タランティーノ監督ということで、血がドバーッや、人間のパーツが吹っ飛ぶぐらいの残虐シーンについては、園子温監督作品を見る前と同じくらいの心の準備をして鑑賞しました。
案の定、血がドバドバです。
でも、ただのグロい作品というのではないのがタランティーノ監督。
黒人差別、リンカーン大統領暗殺事件などを象徴的に織り込んであって、かなり深いです。
『タイタニック』が船の中での「貧富の差を描いた密室劇」とすると、『ヘイトフル・エイト』は、店という密室空間で、黒人差別解放のため黒人が白人と戦う「南北戦争の縮図」のよう。
店を南部と北部に分けるシーンがあったり、「奴隷解放の父」と呼ばれるリンカーン大統領と文通をしているという設定があったり、人々の死に方もリンカーンの側近の人物と似ていたり…。
推理劇というドキドキする面白さと、おなじみのアクションを展開する中に、歴史的背景をきちんと入れ込んであって、かなりグロいのに、見終わった後にじんわりするんですよね。

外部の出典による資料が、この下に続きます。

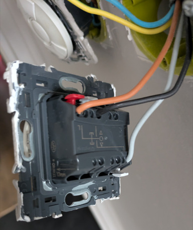 Dans ton boitier de l’interrupteur, tu as bien la phase (orange), le fil de neutre (bleu) et le fil de terre (jaune/vert).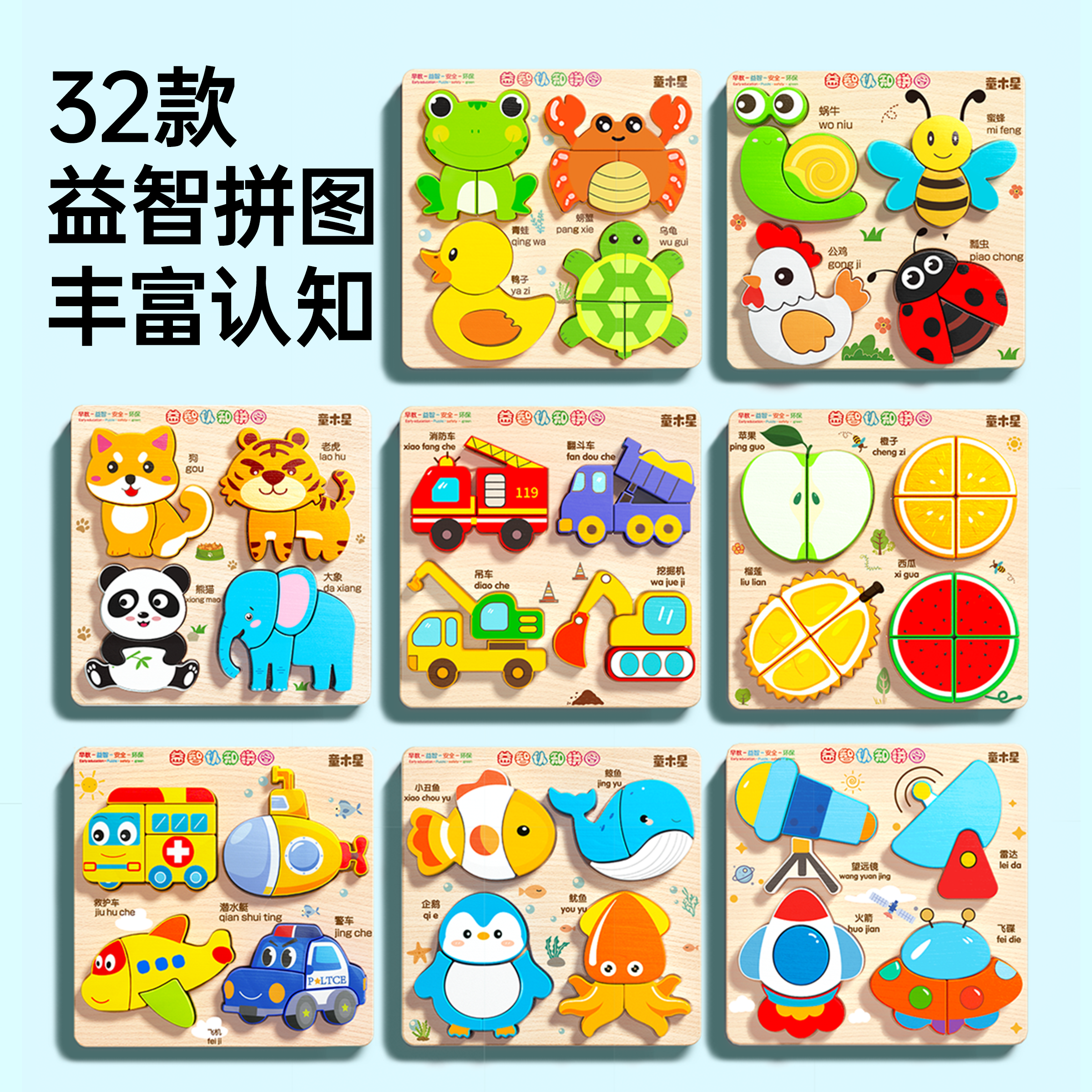 儿童益智拼图立体木质0到3岁宝宝智力早教男孩女拼装积木玩具礼物

みんなでシチューをものすごくおいしそうに食べるシーンがあるんですが、南北戦争前だと黒人と白人が同じテーブルでご飯を食べることはなかったと思うので、これは進歩の証ですよね。(それ以前の時代設定の映画では、黒人は馬小屋とかに追いやられているので)。
美術は日本人の種田陽平(キル・ビル以降、あらゆる美術を手掛けている方)。
色の配色とか、壁にぶら下げてあるものとか、ついつい見てしまってなるほどと思わされます。
映像の技術としては「スプリットジオプター」という、1つの画面に映った手前と奥にいる人物にどちらもピントを合わせる技術が。
密室の中で誰が犯人なのかを推理させるために、全員の表情を見逃さないようにという演出です。
その他、吐く息の白さを強調した照明、天候の違いで日付を分からせるなど、細部まで徹底的にこだわっているのが伝わってきて、スタッフの映画愛を感じる作品です。